In my understanding of open systems, its components are continuously changing with their environment. Open systems have the emergent property of continuous exchange (input/output) of their components with the environment. Ludwig von Bertalanffy argues that open systems reach states of equilibrium within and through this interaction with their environment. Closed systems are isolated from their environment. Is mathematics a closed system?

[Photomedia Forum post by T.Neugebauer from Jan 10, 2007]

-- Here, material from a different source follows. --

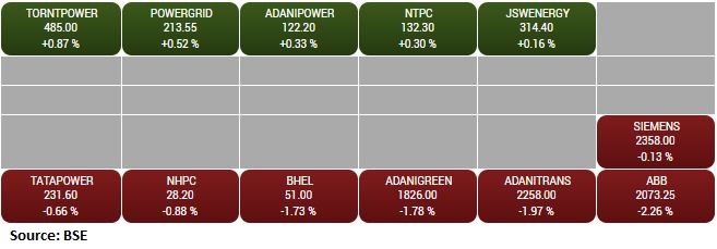 BSE Power index shed 0.5 percent dragged by the ABB, Adani Transmission, Adani Green

Systems intelligence and interdependent arising

The concept of systems intelligence has been described by Raimo P. Hämäläinen and Esa Saarinen, researchers at the Systems Intelligence Research GroupSystems Analysis Laboratory of the Helsinki University of Technology. It is an attempt to formulate an applied systems thinking.

Esa Saarinen and Raimo P. Hämäläinen, argue that systems intelligence is a set of higher-level cognitive capacities, that are not explained by Howard Gardner’s Multiple Intelligences, or Daniel Goleman’s emotional intelligence. Gardner provided others that are not explained: common sense, metaphorical capacity and wisdom. Saarinen and Hämäläinen define systems intelligence as


intelligent behaviour in the context of complex systems
involving interaction and feedback. A subject acting with Systems Intelligence engages
successfully and productively with the holistic
feedback mechanisms of her environment. She
perceives herself as part of a whole, the influence of
the whole upon herself as well as her own influence
upon the whole. By observing her own
interdependence in the feedback intensive
environment, she is able to act intelligently.

source: Systems Intelligence – Discovering a hidden competence in human action and organizational life (PDF)

Systems Intelligence as described here seems to me to be an attempt at an industrial application of the Buddhist doctrine of dependent co-arising, Pratītyasamutpāda, the belief that “phenomena arise together in a mutually interdependent web of cause and effect”.

[Photomedia Forum post by T.Neugebauer from Jan 10, 2007]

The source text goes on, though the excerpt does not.